The other day I was listening to Marc Maron's WTF podcast and he was talking with Mary Lynn Rajskub, who most of you know from Mr. Show or 24. She was talking about how the first six months or so after the birth of her child which were a god awful. The way she described it was perfect, the period strips away your identity, or at least the things you thought comprised your identity and replaces all the bullshit with a new mission of keeping this little creature now living in your house alive and making sure they don't grow up to be assholes. She said when she came through the other side of the rabbit hole she was actually in a better place because you are free from all of the labels and limitations that make up ones self identity.

At least that is what I took away from it.

Probably because that was my experience as well. I always promised myself that I wouldn't talk about my kid on this site because I know nobody wants to hear about someone's kid who they don't know, and this isn't actually about children. It is about the stupidity of self-limitation that we saddle ourselves with all throughout our lives by tying ourselves to scenes, groups and ideals. I have done this throughout my entire life, and I guess in a way it helped me become a more evolved individual, but the can also be a trap that leaves one stuck in the mire and unable to move forward with one's journey.

When I look back on my life I see a trail of debris from decisions made while keeping it real to whatever the Fuck I was into at the time. Whether it was the relationships that didn't happen because I was into metal and didn't date preps, the missed opportunities to share in the joy of friends and family during important moments in their lives because I would rather waste my time dabbling in the studio (read: smoking weed and talking about rap music) or the times when I was lost and spent a year drinking to much and ruining everything in my life because the identity I built for myself through music crumbled and I had nothing left to ground myself. I have spent a lot of time worrying about being this, or being down with that, instead of working towards being an evolving individual. It was a series of dead ends leading nowhere and leaving me lost having to back track and find the center again.

I understand that this is a natural progression and that is how you learn to become a better and more interesting person. However, I see so many people from my generation stuck in these bullshit identities that they created for themselves. It might be because of the circles I have traveled in, but I still see so many people I their late 30s/early 40s holding on to the virtues of scenes and movements that were created by teenagers some twenty years ago. Look back on your teenage self, is their anything that little fucker could tell you that would hold water? Exactly.

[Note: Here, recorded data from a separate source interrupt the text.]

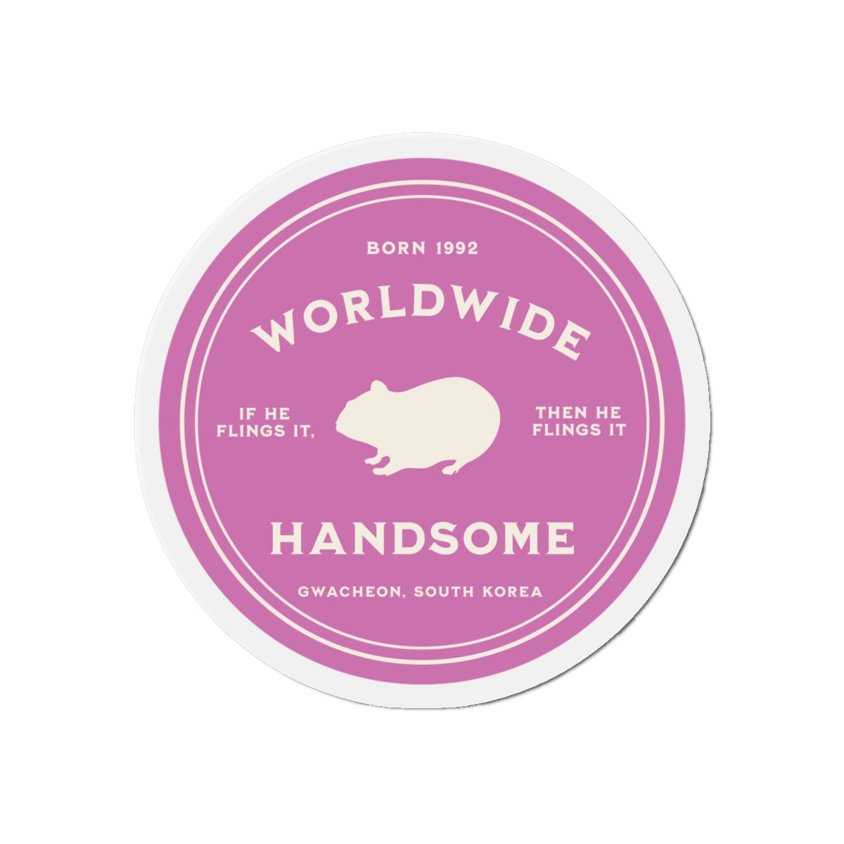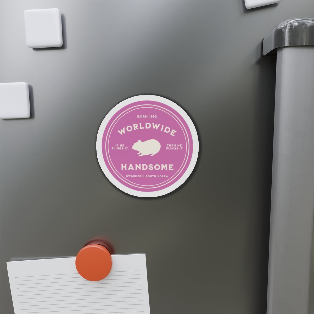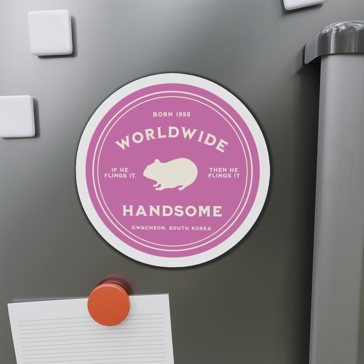 This magnet features an original design created by our own team, celebrating Jin (Kim Seokjin) with his endearing Hamster silhouette. Each element is a thoughtful nod to his encouraging persona: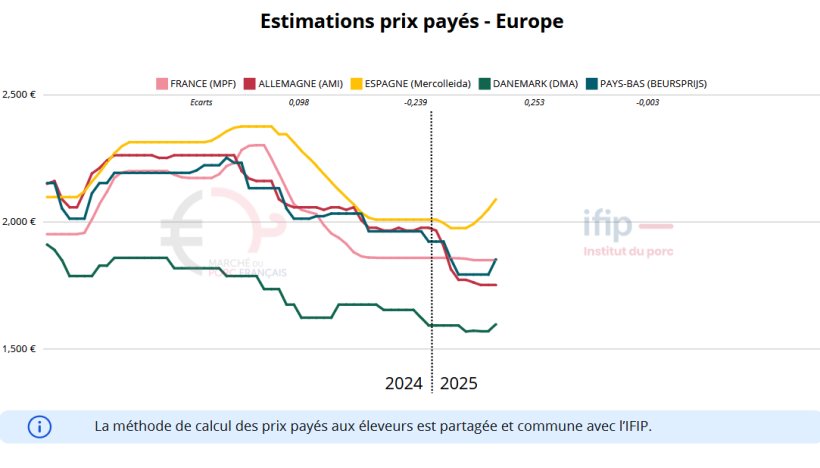 L’Espagne, pour sa part, bénéficie toujours d’un contexte très favorable et la tendance haussière se poursuit. L’offre demeure largement inférieure à la demande, cette dernière étant partiellement compensée par d'importantes importations de porcs vifs et de porcelets. Pour l’instant, les cours de la viande sur le marché espagnol restent stables. À l’export, si les poitrines se vendent très bien, les jambons sont proposés à bas prix et les longes rencontrent des difficultés à trouver preneur. Si le marché de la viande ne progresse pas, les marges des abatteurs pourraient se retrouver fortement réduites d’ici quelques semaines. En attendant, la dynamique de l’Espagne semble stimuler l’ensemble du marché européen.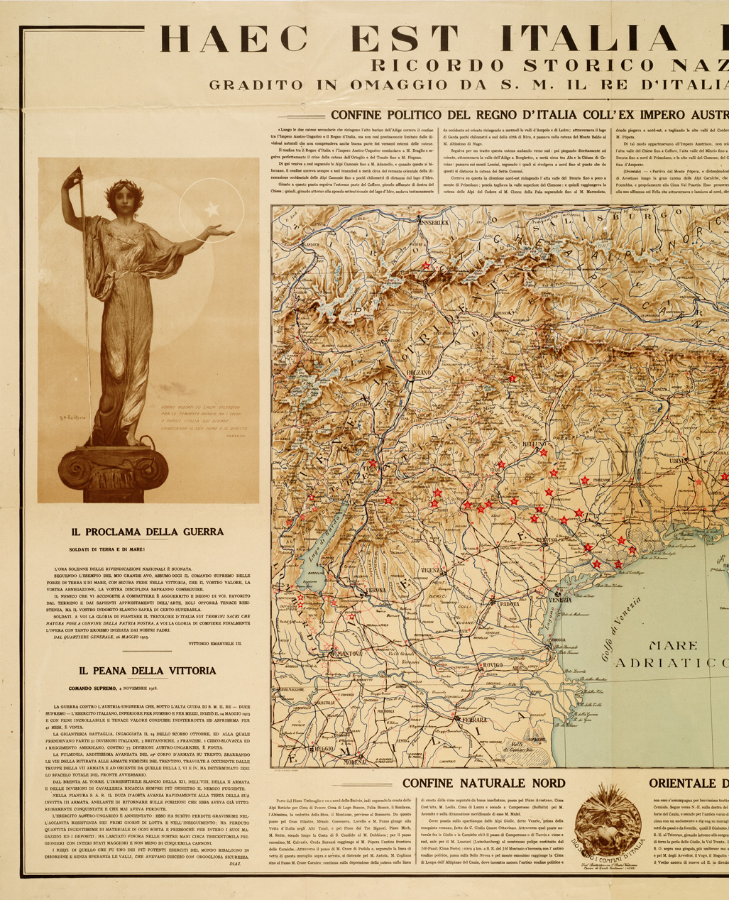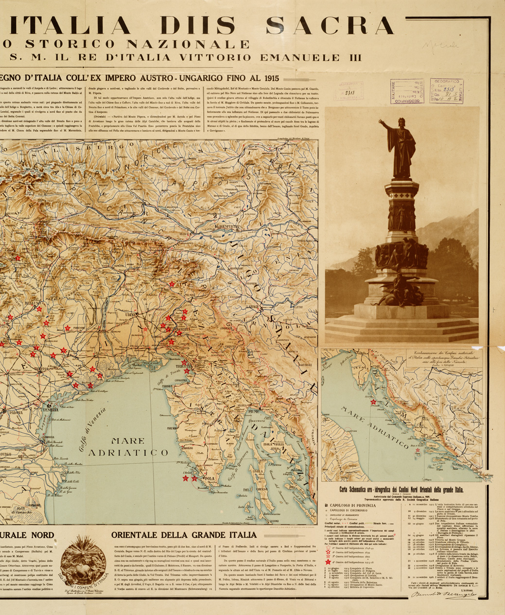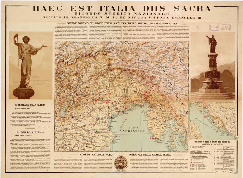 "Haec est Italia diis sacra. Ricordo storico nazionale. Gradito in omaggio da S. M. il Re d' Italia Vittorio Emanuele. Confine politico del Regno d' Italia coll' ex Impero Austo-Ungarico fino al 1915. Soc. Editrice Benedetto de Angelis - Roma. Rappresentazione orografica a sfumo."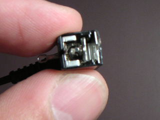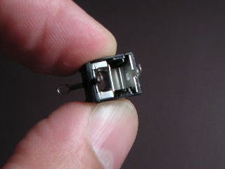 イヤホン端子は「パーツランド」で1個40円で売っていたもの。この端子を使って普段はスピーカーから警告音を出し、イヤホンを差し込んだ時はスピーカー音がキャンセルされてイヤホンから警告音が聞けるようになる。 凹部分とL型部分とがスイッチになっている(↓の写真)。 イヤホンピンを差し込む事によってこの部分の接触を切る事によって、スピーカー回路を遮断してイヤホンから音が出るようにするようだ(おそらく)。

So why are we still allowing these ideals to keep us from evolving and experiencing life to the fullest? The same thing can be said for political, religious, socioeconomic, sexual, racial, and whatever affiliations or labels. Instead of defining ourselves as something, we should be striving to always move forward and grow. No destination because when we stop we die. Something better than we are today, something wiser, more grounded and more evolved.

Becoming a father didn't give me a new identity, but it did help me shed the bullshit and understand labels and identifiers do more to limit our experience than enhance them.